En un recorrido por el pueblo es fácil encontrarse con algunos de estos talleres. El de Santiago supone una de las cunas de la artesanía, que perdura casi como tal. “Aunque seamos los que más mantenemos la tradición, esto ya no es lo que era. Antes dabas un paseo por el pueblo y sólo se escuchaba el traqueteo de los telares. Ahora la gente ya los tiene abandonados o de adorno”, lamenta el propietario, quien junto a su mujer Pepita regentan el negocio.

Al lado del taller se encuentra la tienda, por la que transitan, sobre todo los fines de semana, cientos de visitantes. “Algunos gastan más y otros menos, pero al menos saben que lo aquí encuentran es de calidad y está hecho a mano”, sentencia Noelia. Chaquetas, jerséis, calcetines, guantes, gorros, mantas, alfombras y una amplia gama de colores de lana y algodón de varios grosores y un sinfín de artículos más que pueden adquirir. “Tenemos la ventaja de que son todos artículos exclusivos, porque no hay dos iguales al elaborarse a mano. Sólo tienen el denominador común manual”, sostuvo.

Talleres especializados

Hoy en día, algunos de los talleres textiles de Val de San Lorenzo se han especializado en paños y en trajes regionales, porque el negocio de la manta ya no es rentable por sí solo. En el caso de Santiago Geijo se han declinado más por los calcetines, un complemento que una máquina fabrica como una sola unidad de lana alargada y que luego se separa hasta en 34 piezas. Pero el proceso no acaba ahí: “Tenemos un trato con algunas mujeres del pueblo a las que les llevamos los calcetines y ellas los rematan con armonía”. Tras estos remates, pasan a una lavadora industrial y luego se secan al sol: “Se tienden, como la ropa”.

Esto supone, sostiene Noelia, que pronto dirigirá esta empresa familiar, “poder seguir trabajando la lana como como antaño”. Bien lo saben los clientes, que llegan a las tiendas de Val de San Lorenzo los fines de semana, aunque menos de lo que los habitantes quisieran, por lo que piden a las administraciones que intenten dinamizar más la zona y redirijan a los turistas que visitan Astorga, “porque no hay más lugares en España que hagan este tipo de productos”.

“Saben lo que buscan y aquí encuentran calidad”, explica Santiago, quien añade que también reciben pedidos de Barcelona, La Coruña o Sevilla.
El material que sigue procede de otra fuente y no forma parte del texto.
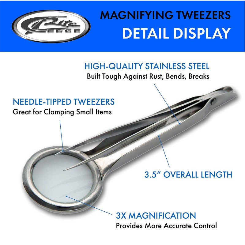 • A powerful 3X magnifying glass and needle-tipped tweezers combine to make this one of the handiest items in the tool box or first aid kit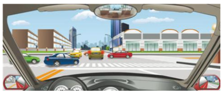 解析:本题主要考察缓行、拥堵路段或路口的通行规定。图中前方虽是绿灯,但路口内仍然拥堵,不能进入路口和网状线,只能在路口外等待。因此选择"停在路口以外等待"。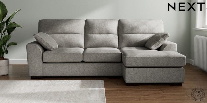 7.2.10 Buy Stamford Highback Medium Sofa Chaise - Right Hand Tweedy Chenille Mid Grey Large Square Angle - Dark from the Next UK online shop Click here to use our accessible website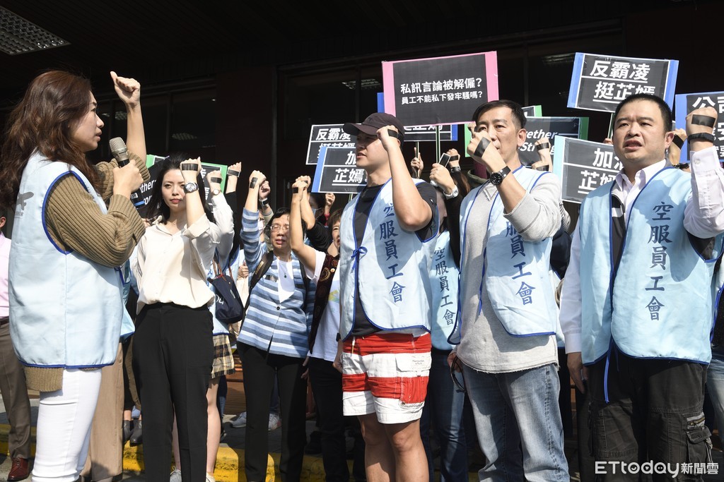 ▲2/21空服員工會號召會員於勞動部前聲援郭芷嫣。(圖/記者湯興漢攝)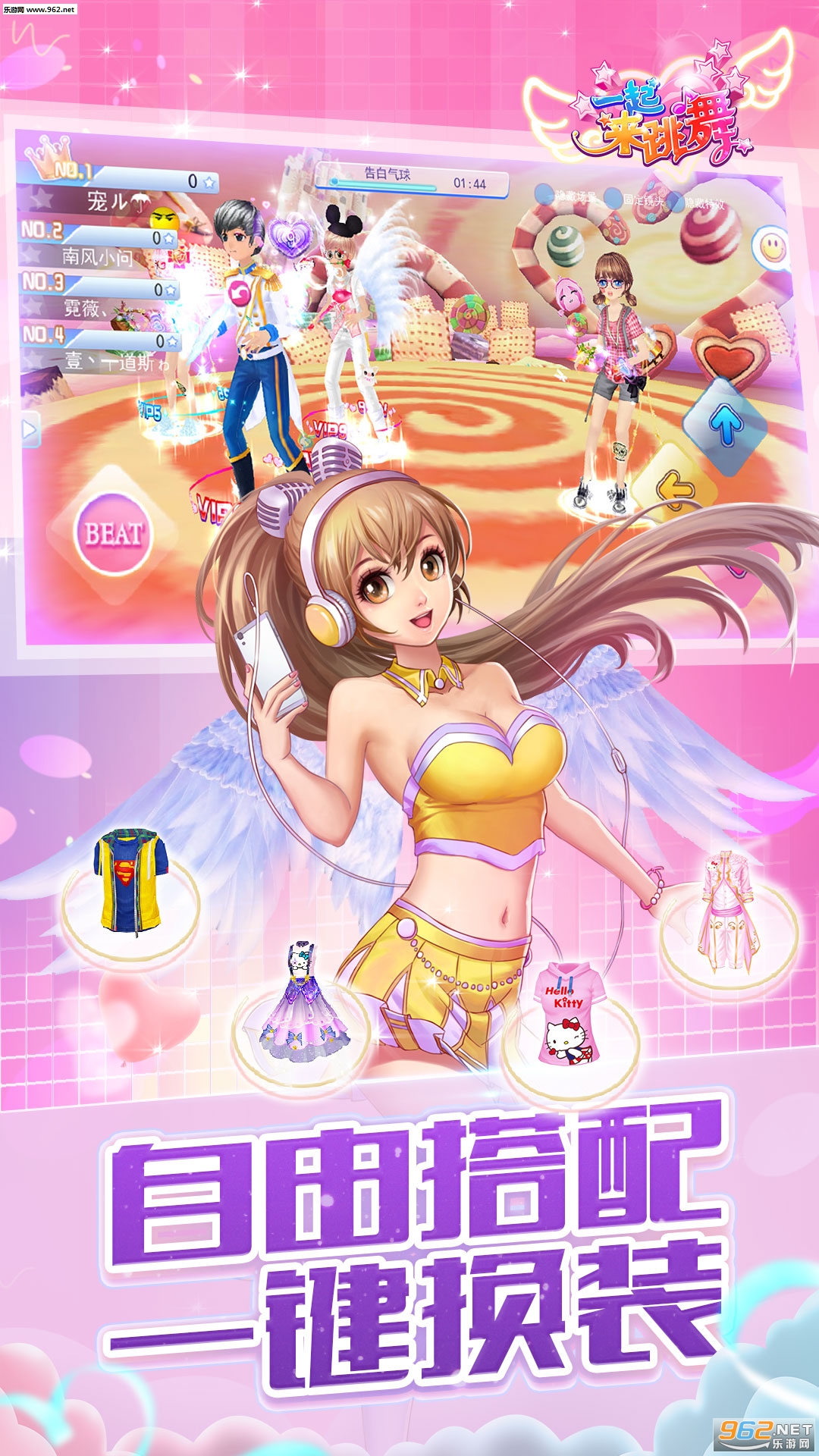 最炫的全民音舞社交手游,一亿人都在玩的休闲游戏!《一起来跳舞》全新版本休闲社区重磅登场!自由活动的梦幻世界,甜蜜的双人互动,浪漫的旋木摩天轮,让你跨越时空遇见真爱!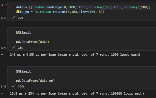 똑같이 100행 5열 데이터를 만들어서 DataFrame으로 만드는 작업만 속도를 측정해 보아도 쉽게 알 수 있습니다.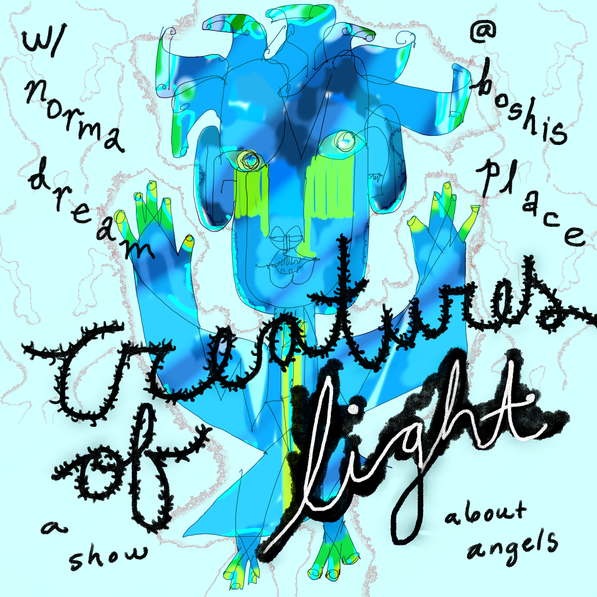 come touch and be touched by an assortment of angelic beings. angel flavored, angel misted, angel printed, angel fitted--bring angels, be the angels in the room with us. the angels will be in the computer, the angels will push little toy instruments into your hands. clown angel, singing angel, rapping angel, feedback angel, skating angel, dream angel. DIVINE AND DREADFUL CRYPTIDS IF LIGHT!!!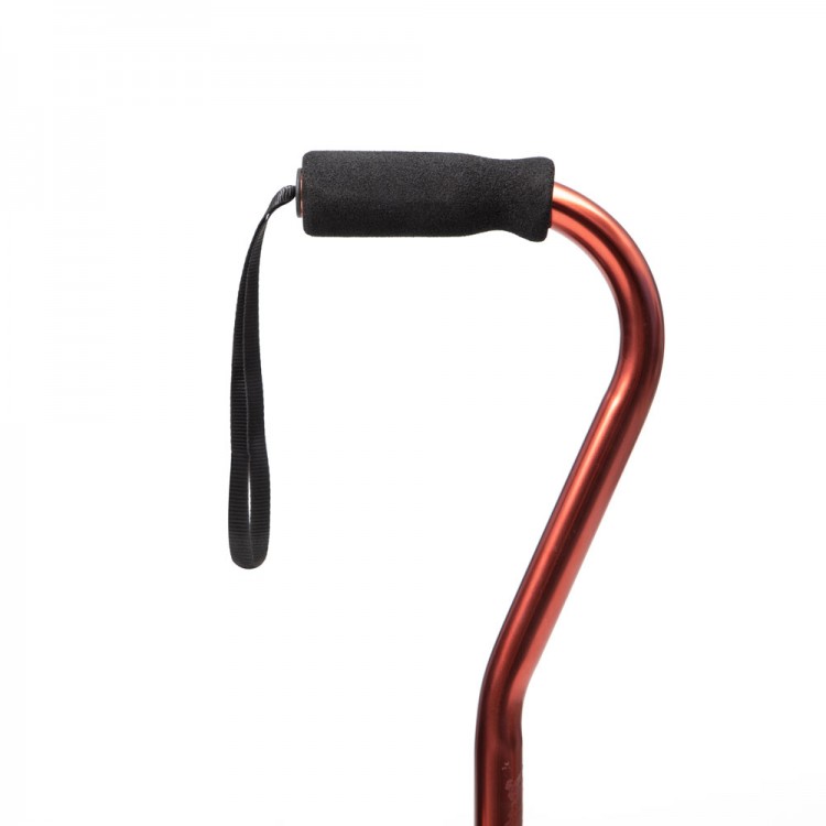 Регулируемая по высоте трость с Г-образной рукояткой светоотражающим элементом, со страховочным ремешком и с устройством против скольжения.

Pero en función de los productos, los envíos se especifican. Por ejemplo, los calcetines se remiten en su mayoría a las comunidades del norte, “porque son zonas más húmedas”.

Las propias artesanas del pueblo con las que las empresas como Santiago Geijo tienen acuerdos elaboran a mano también guantes, gorros, bufandas y todo tipo de prendas de punto. Incluso zapatos para bebés o chales. “Es lo que vendemos nosotros. De todo menos alfombras”, comenta Geijo, quien recuerda que hace un cuarto de siglo contaba con la participación de un centenar de “señoras” del pueblo para estos trabajos.

Admite que las largas épocas de calor de los últimos años no ayuda a vender elementos de lana. El mayor peso de las ventas se produce de octubre a febrero, una cuestión “lógica”, por lo que es necesario diversificarse con otros productos para el resto del año. También, elaboran mantas para muchas de las escuelas con pedagogía Waldorf y reconocen que la incertidumbre política en España ha motivado una caída de sus ventas “porque la gente prefiere guardar de momento”.